Trato de vivir inmerso en la realidad que me rodea. Y, a pesar de ello, no siempre me resulta fácil descubrir a los nuevos desheredados: a esas mujeres que sobreviven a la rutina de la vida y a las injustas desigualdades a base de resistencia, voluntad y valor. Muchas de ellas pasan desapercibidas en el diario trajinar de nuestras grandes ciudades. Ellas saben que la luz del túnel está muy lejos y sin embargo, a pesar de ello, tratan de seguir adelante. Son personas imperfectas y sufridas, pero no se rinden.
Son mujeres. Son madres. Personas comprometidas con su propia vida y con la vida de sus hijos. Muchas veces son mujeres solas, abandonadas a su mala suerte, pero tenaces a la hora de seguir adelante aunque sea a trancas y barrancas, con su rabia y su impotencia pero, insisto, tenaces a la hora de atravesar el duro desierto de la vida. Muchas de ellas son mujeres creyentes, que han encontrado en Dios el apoyo que no encuentran en otra parte.
Alguien así tiene que ser única. Por eso, el pueblo sabio suele decir que madre no hay más que una. Y a ella, sola y sufrida, quiero dedicar mi columna de este domingo, segundo de mayo, en el que celebramos su día. Para celebrarlo he visto la hermosa película de Antonio Méndez Esparza “La vida y nada más”.
¡Cuántas veces la realidad supera la ficción! La película recrea la realidad con tal lujo de detalles que apenas deja espacio para los sueños. La vida es como es. Así hay que aceptarla y asumirla aunque las cicatrices dejen marcado el cuerpo y el alma al desnudo. La historia de la protagonista es la historia de una joven madre afroamericana que reparte su tiempo entre el trabajo en un restaurante y el cuidado de sus hijos, una pequeña de pocos años y un adolescente de semblante serio y mirada perdida, expulsado del colegio y en libertad vigilada.

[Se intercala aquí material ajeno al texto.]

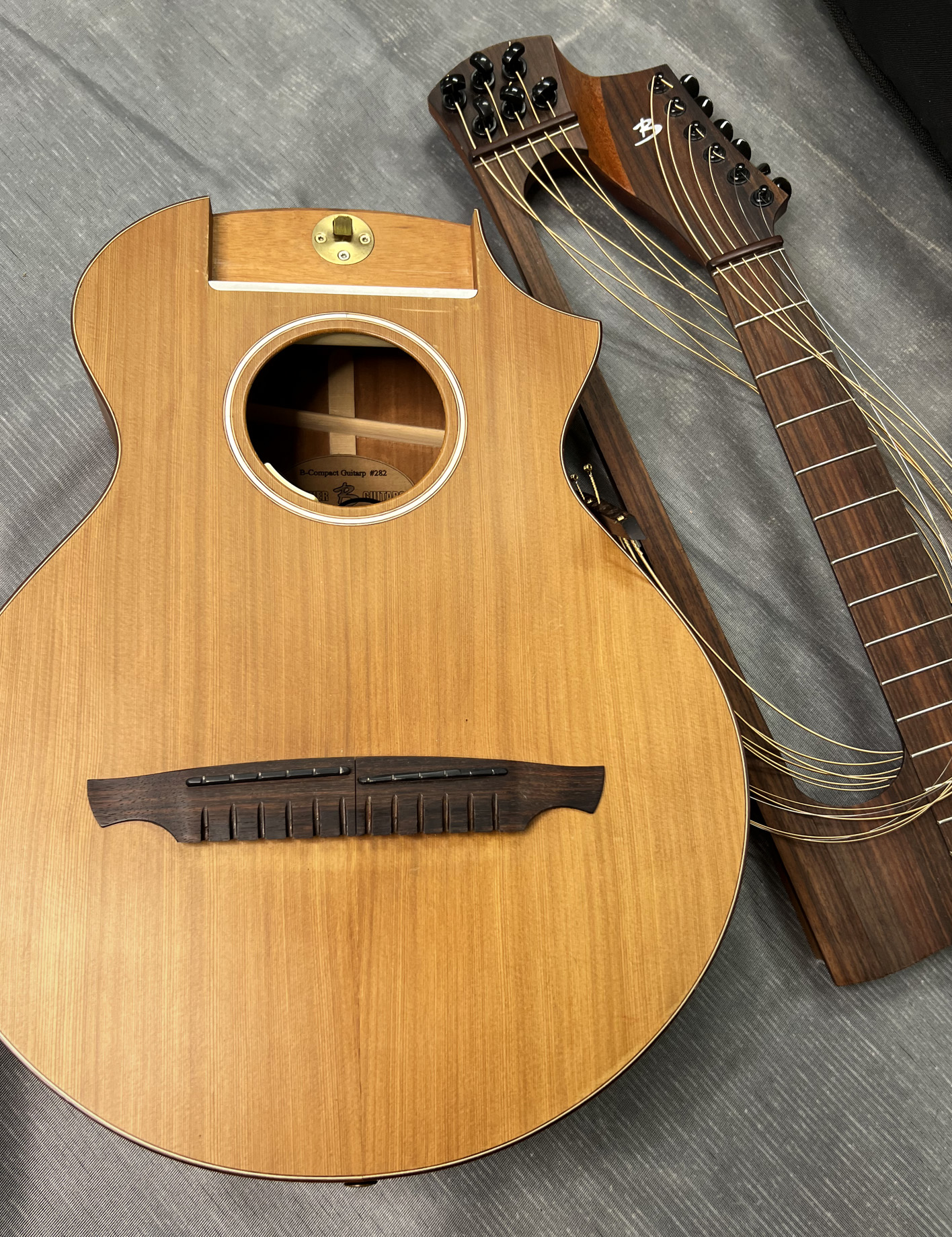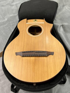 In 2009, I sold the first Brunner "Outdoor" or Travel Harp Guitar in the United States. Along with the very first instrument commissioned by harp guitarist Philippe Fouquet, I had taken the chance and commissioned two of my own. I lucked out, as they sounded simply amazing. Especially for the small compact size. Yes, as seen below, these come apart for the airline's overhead compartment! According to the consignor (not the original owner), this beautiful instrument is in "Very Good +" condition. The label states 2014, but the original owner says they bought it new around 2020. Regardless, if you go today to the Brunner Guitars web site and run this model through their pricing system, you'll see that it comes to about $6600...if you pick up in Switzerland. So, anytime I can find and offer one in the States, I'm all over it. Just as I reviewed the original models in 2009, if you can live without the visual of a hollow arm, then get one of these, as they truly sound incredible. The current consignor (a repeat customer of mine) has multiple high-end harp guitars and agrees with me, saying, "it's miles ahead of Timberline, Tonedevil and Emerald." Seriously. The bass side port might even fool you into thinking you're playing a Holloway/Worland Dyer. And if you're not thrilled with the sound, then returning it won't be a huge issue due to its compact size. (Spoiler alert: Of the several hundred instruments I've sold since 2006, I've had exactly one return). So, yeah, I think you'll love it. Yes, it has electronics (tested), and you can plug it in and blow people off the stage, but the point of the instrument - besides the incredible bullet-proof disassembly and reassembly - is that they are wonderful acoustic instruments. You don't have to plug it in like an Emerald to feel and hear the sub-basses. This is a consignment listing that will be shipped from North Carolina. My full 3-day approval period applies (returnable at your expense). I urge you to also read both my original listing on the first models (though this one is much better) and also the fascinating story behind them. - Gregg (Sir Gregory) Miner |

Entre todos conforman un retrato tan descarnado como honesto de estos nuevos desheredados que pululan por nuestras ciudades, ajenos a las promesas políticas y a las guerras y a líos que nos envuelven. Me encantó la película porque su pulso es sereno y su ritmo contenido. Y, sobre todo, porque el director no juzga a nadie. Simplemente se asoma a las pobres vidas de los personajes atrapados por el sistema a través de sus discusiones, sus sesiones de terapia o sus entrevistas de trabajo. Son diálogos, encuentros y desencuentros que saben a verdad, palabras sabias ante la vida y sus inevitables conflictos y, al mismo tiempo, una lúcida desconfianza frente a quienes predican salvaciones de saldo.
Por mi vida pasan muchas madres así, que cargan fardos pesados y siguen adelante. Tampoco seré yo quien las juzgue. Más bien ellas me juzgan a mí sin pretenderlo. La honestidad de su empeño por sacar adelante lo que Dios puso en su vientre y en sus manos, basta para purificar mis intenciones y aclarar mis dudas. Así que simplemente les digo: feliz día.